*** LISTED RECORDS ***

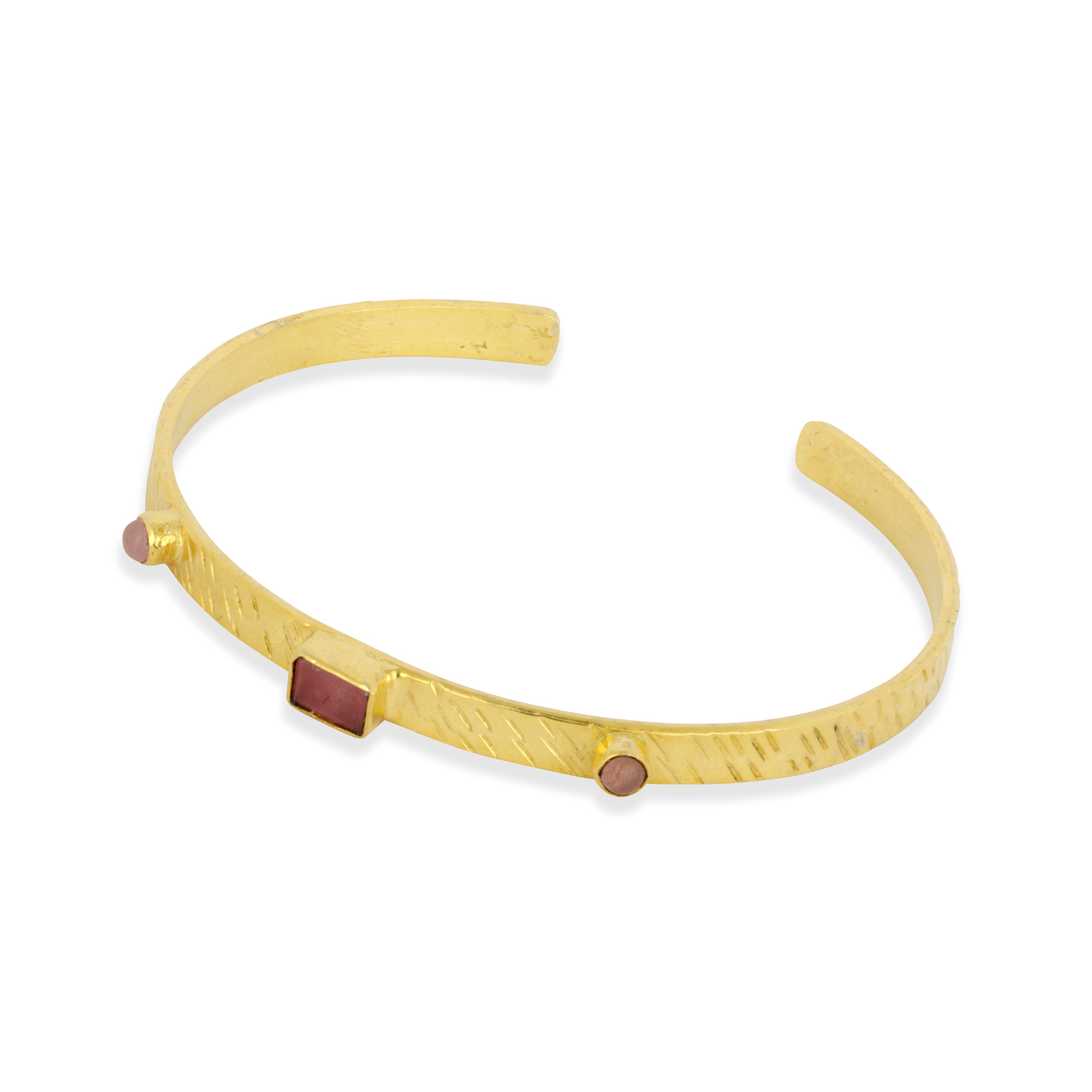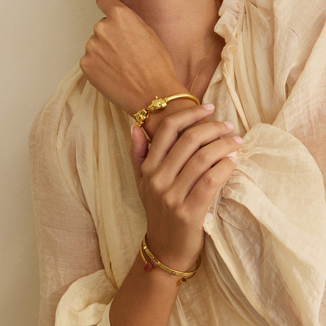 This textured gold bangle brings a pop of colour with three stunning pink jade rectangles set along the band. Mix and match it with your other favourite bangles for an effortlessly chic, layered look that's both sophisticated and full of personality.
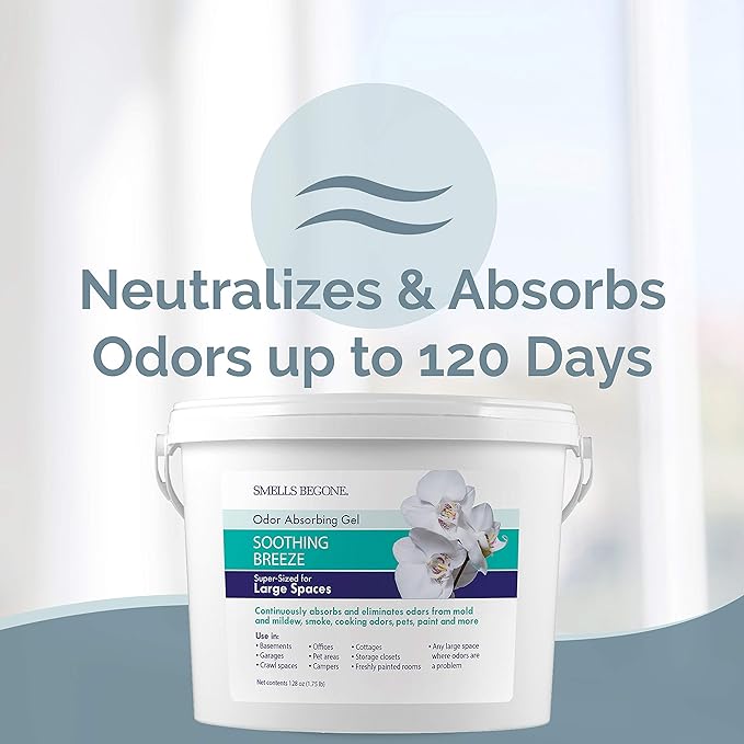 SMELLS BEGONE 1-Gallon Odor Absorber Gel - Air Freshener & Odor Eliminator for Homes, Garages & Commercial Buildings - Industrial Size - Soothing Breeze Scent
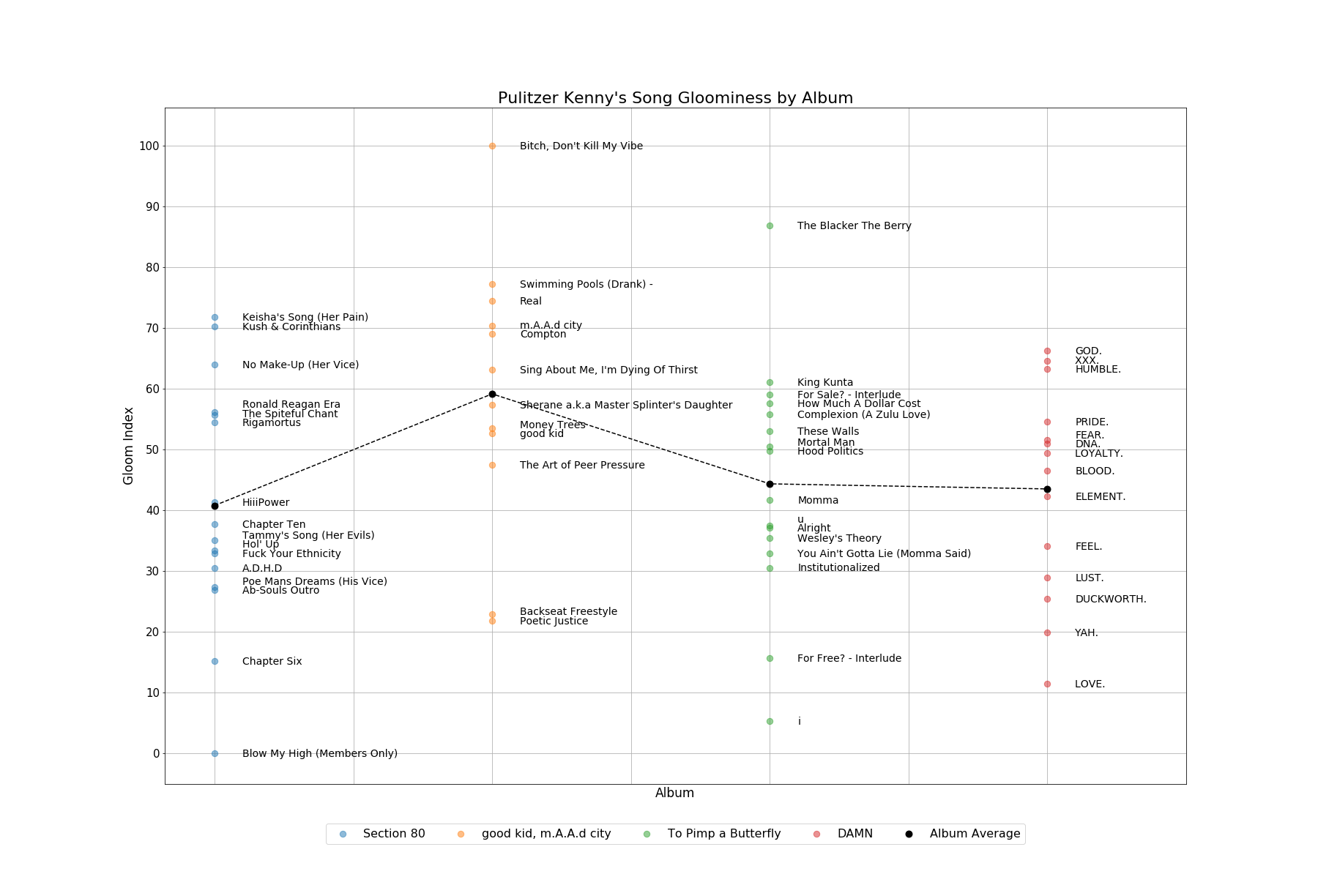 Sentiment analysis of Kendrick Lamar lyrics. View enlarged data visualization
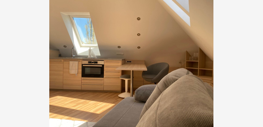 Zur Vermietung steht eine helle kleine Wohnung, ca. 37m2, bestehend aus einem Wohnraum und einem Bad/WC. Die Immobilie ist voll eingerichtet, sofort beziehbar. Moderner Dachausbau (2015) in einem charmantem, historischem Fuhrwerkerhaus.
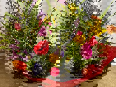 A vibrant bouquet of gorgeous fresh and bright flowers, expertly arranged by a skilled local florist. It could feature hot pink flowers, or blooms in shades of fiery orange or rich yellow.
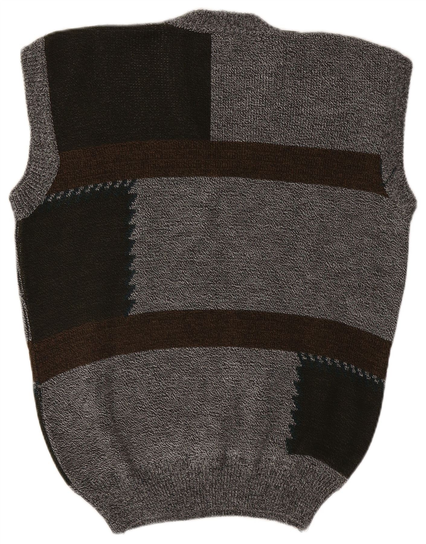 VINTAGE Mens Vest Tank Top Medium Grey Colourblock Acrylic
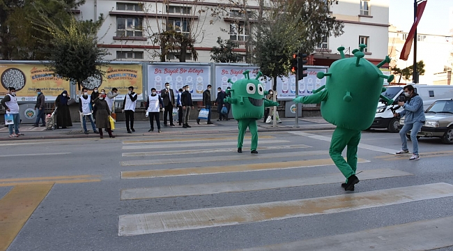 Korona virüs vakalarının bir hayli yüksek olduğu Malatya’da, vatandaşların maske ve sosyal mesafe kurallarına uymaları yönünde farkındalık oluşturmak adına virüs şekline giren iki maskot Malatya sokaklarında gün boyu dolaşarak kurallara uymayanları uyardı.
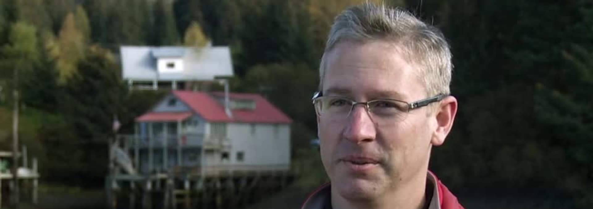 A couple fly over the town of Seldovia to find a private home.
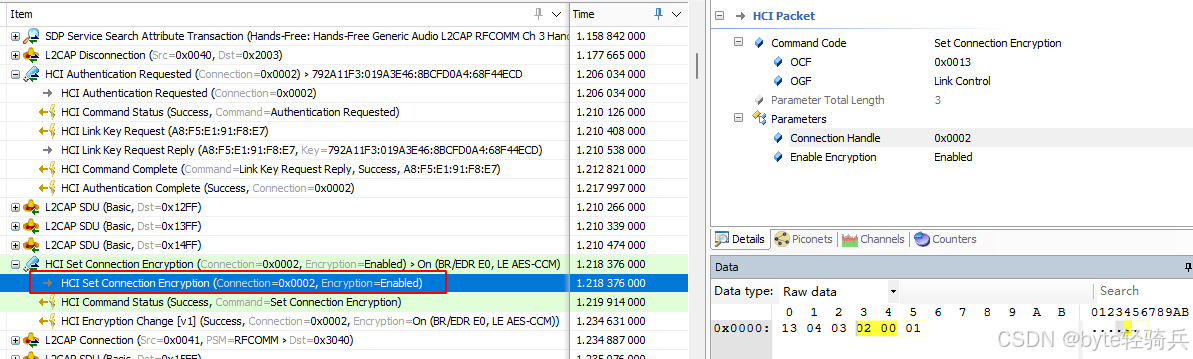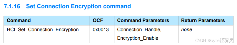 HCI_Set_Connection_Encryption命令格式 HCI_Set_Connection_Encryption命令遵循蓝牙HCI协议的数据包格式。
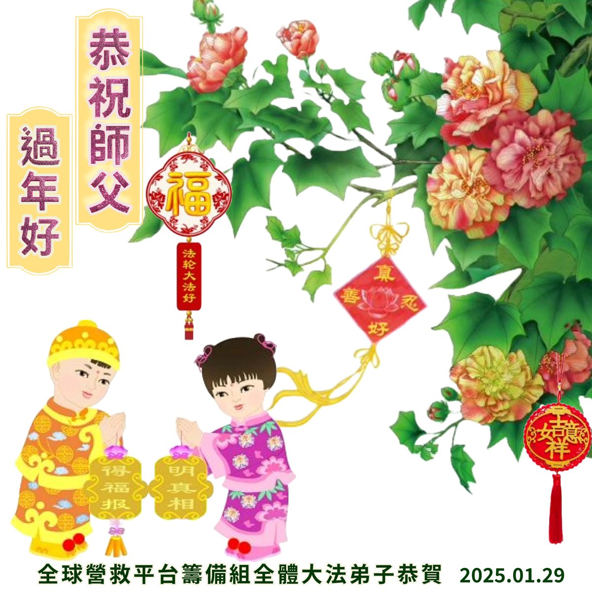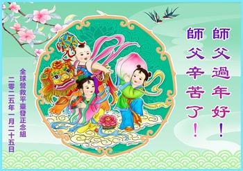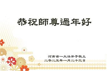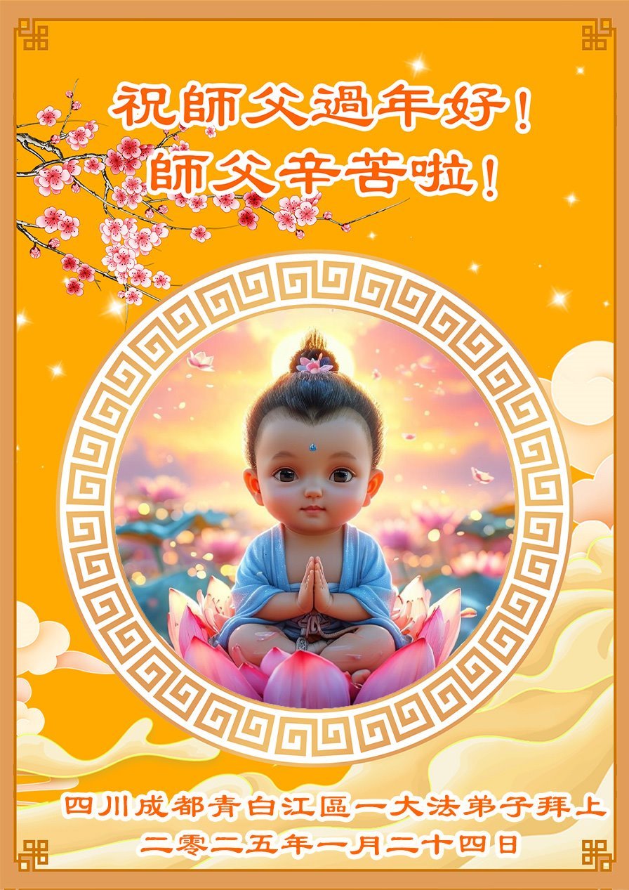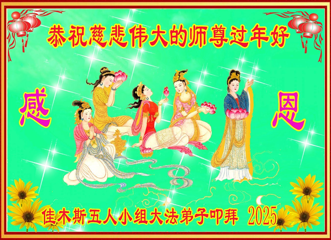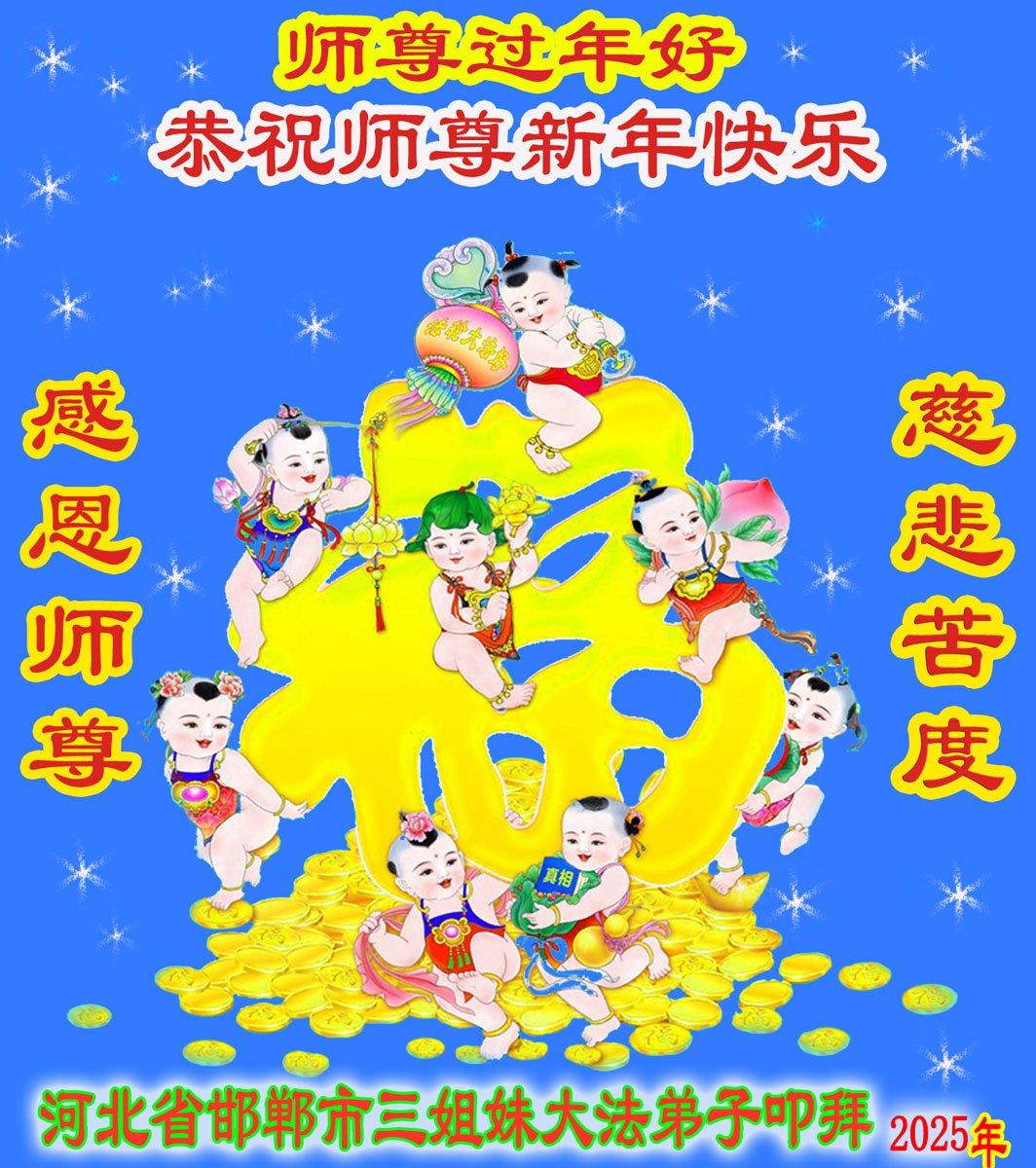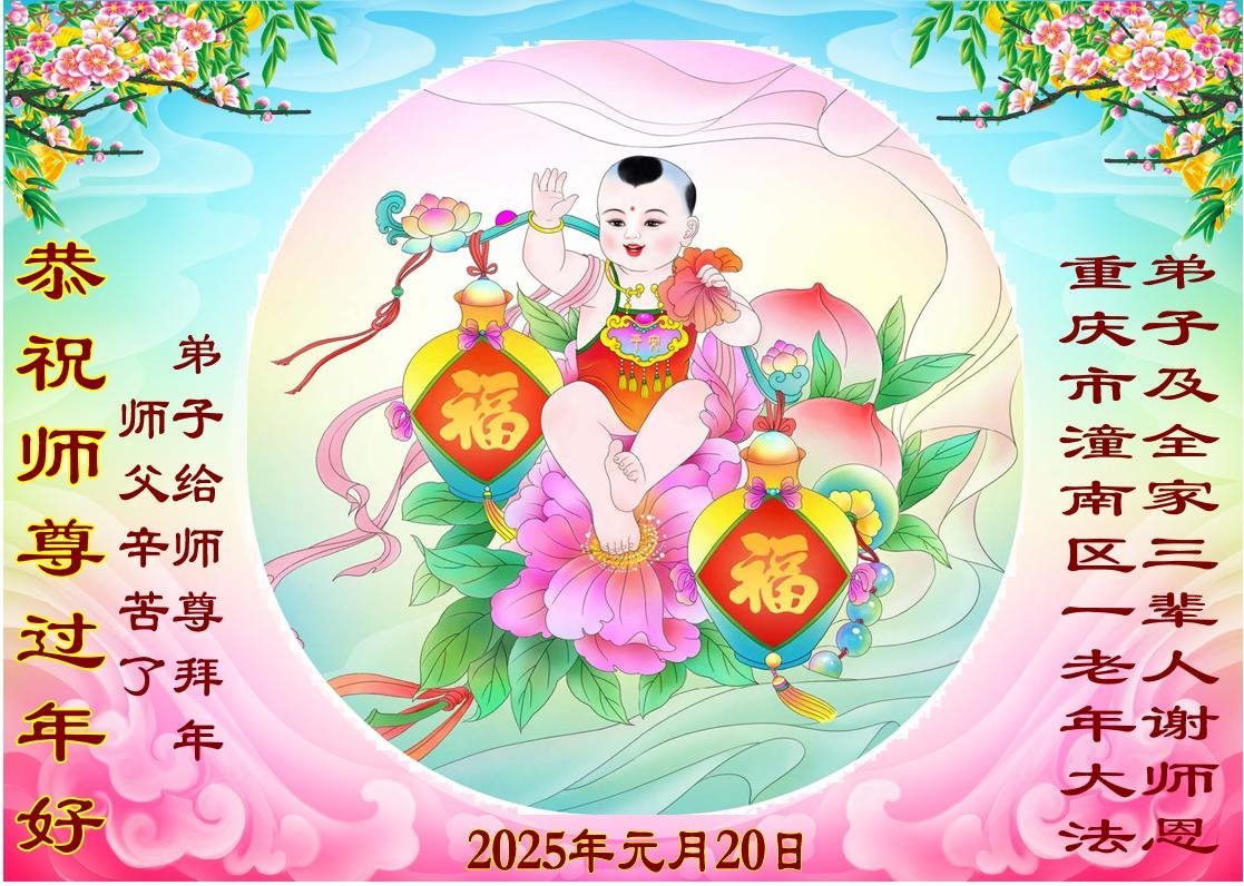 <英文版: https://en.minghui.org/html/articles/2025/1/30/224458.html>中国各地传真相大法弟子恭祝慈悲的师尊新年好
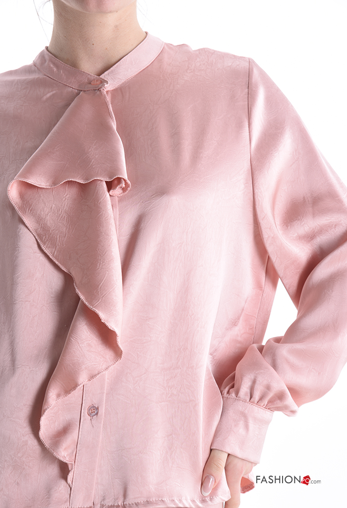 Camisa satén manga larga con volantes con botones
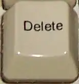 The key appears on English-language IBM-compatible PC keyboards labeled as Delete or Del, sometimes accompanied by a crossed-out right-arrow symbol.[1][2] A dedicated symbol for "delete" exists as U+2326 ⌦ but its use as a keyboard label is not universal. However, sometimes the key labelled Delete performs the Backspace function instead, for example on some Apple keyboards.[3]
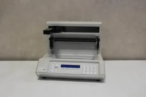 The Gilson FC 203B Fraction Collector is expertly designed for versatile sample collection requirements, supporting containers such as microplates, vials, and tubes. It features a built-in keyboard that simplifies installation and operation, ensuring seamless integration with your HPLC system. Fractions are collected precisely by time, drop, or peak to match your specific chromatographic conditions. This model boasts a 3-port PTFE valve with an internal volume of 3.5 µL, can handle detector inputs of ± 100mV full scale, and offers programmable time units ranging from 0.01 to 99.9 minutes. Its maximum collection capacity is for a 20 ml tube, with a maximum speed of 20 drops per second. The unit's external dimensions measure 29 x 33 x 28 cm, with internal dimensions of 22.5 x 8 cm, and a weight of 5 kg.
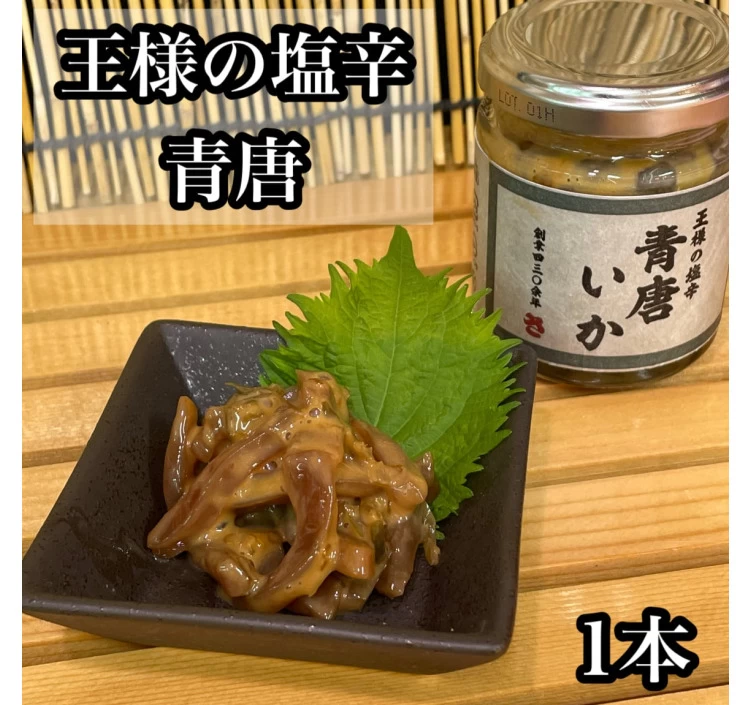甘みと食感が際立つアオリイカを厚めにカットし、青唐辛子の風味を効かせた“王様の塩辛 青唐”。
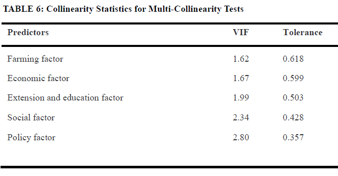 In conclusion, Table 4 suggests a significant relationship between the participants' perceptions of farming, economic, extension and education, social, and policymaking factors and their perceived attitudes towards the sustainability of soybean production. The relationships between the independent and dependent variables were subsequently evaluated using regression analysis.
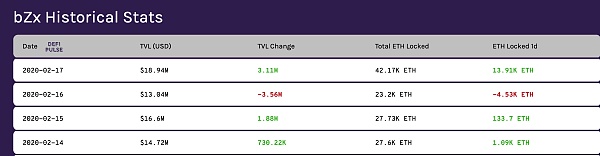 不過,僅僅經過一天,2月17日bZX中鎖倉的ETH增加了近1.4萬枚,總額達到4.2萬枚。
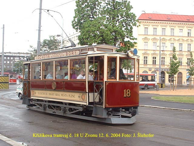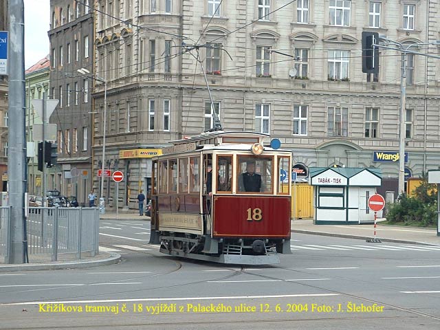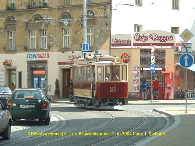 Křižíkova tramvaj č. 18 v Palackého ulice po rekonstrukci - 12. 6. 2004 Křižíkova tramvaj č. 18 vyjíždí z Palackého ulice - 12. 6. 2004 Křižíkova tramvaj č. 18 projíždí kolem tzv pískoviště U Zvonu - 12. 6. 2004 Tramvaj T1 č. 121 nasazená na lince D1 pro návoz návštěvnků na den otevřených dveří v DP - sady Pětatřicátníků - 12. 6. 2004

*** End of LISTED RECORDS ***

● DIRECTIONS
Copy exactly the lines of the listing above between the one holding "VINTAGE Mens Vest" and the one holding "Korona virüs vakalarının", inclusive; omit all pictures.

● OUTPUT OF THE TASK
 VINTAGE Mens Vest Tank Top Medium Grey Colourblock Acrylic
 Korona virüs vakalarının bir hayli yüksek olduğu Malatya’da, vatandaşların maske ve sosyal mesafe kurallarına uymaları yönünde farkındalık oluşturmak adına virüs şekline giren iki maskot Malatya sokaklarında gün boyu dolaşarak kurallara uymayanları uyardı.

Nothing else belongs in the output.